The cities of Harlingen and San Benito, as well as Cameron County, are big stakeholders when it comes to the Los Indios bridge. Economic development officials are seeking to find ways to increase infrastructure around their investment.

“There are a couple of really nice industrial parks that are only 10 miles away” from the Los Indios bridge, said Lupita Gutierrez-Garza, chair of the Harlingen EDC’s board.

“There is some development there, but those developers have offices in McAllen (and Reynosa), they do not have offices in Cameron County,” she added.

Gutierrez-Garza suggests using HEDC funds to set up incubators to provide office space for these businesses, which would “lead prospects and channel prospects to that area.”

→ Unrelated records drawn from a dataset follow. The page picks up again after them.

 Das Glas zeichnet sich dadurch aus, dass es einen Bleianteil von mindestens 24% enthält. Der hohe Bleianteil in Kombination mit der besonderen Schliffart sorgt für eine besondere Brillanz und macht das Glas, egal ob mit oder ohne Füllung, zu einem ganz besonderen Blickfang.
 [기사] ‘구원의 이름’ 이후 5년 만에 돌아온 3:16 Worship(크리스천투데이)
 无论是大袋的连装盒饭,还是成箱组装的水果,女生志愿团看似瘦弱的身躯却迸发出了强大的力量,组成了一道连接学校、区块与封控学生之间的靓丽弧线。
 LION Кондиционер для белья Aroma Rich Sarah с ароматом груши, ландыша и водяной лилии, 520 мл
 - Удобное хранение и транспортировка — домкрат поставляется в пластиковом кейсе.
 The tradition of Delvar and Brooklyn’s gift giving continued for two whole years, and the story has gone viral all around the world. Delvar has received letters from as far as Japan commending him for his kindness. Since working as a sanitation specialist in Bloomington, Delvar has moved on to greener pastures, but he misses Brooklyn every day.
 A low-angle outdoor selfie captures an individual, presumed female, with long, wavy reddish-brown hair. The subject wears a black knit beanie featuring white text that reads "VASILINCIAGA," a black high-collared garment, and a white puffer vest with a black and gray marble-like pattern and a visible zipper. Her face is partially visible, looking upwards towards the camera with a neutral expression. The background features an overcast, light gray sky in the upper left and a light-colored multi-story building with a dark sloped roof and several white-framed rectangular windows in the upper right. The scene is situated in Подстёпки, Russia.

“That’s something that needs to be talked about from a logistics perspective, and I’m not talking about truck logistics, I’m talking about logistics on investment and how best to maximize that investment,” she added.

Officials on the U.S. side of the border say newly elected office-holders in Mexico, including the Tamaulipas state governor, Francisco Garcia Cabeza de Vaca, are still finding their way.

As a result, some negotiations on cross-border issues, like BiNED, the regional economic development initiative involving officials in both nations, have been delayed.

U.S. officials say the early relationships with the new Mexican office-holders seem promising, and they hope to accelerate efforts to fully establish BiNED as well as create infrastructure around the Los Indios bridge.

But Boswell, among others, is looking for more than just increasing border crossings.

“Trucks passing through don’t really do that much for you,” the Harlingen mayor said. “Whoever owns the bridge gets a fee from it, but in terms of increased economic activity, they just tear up your roads and they go north and they move a product to have it distributed.”

Boswell says the greater need along the border is manufacturing, not truck traffic. He notes that many multinational corporations are “nearshoring,” or bringing manufacturing plants back to Mexico from China, because it’s become cheaper to operate them in Mexico.

“But they’re locating them in the interior instead of on the northern border, where we would stand to benefit more from increased economic activity,” Boswell said.

He notes that BiNED initially was intended to procure infrastructure to boost border crossings at Los Indios, although since then the still-forming BiNED appears to have broadened in scope.

“Hopefully, Los Indios would be a catalyst or at least a first model of how it would work,” Boswell said. “But the idea behind it is to have sort of an area that doesn’t have a border.

“You utilize the natural advantages of both countries, using the capital on the U.S. side and the labor on the Mexican side,” he added.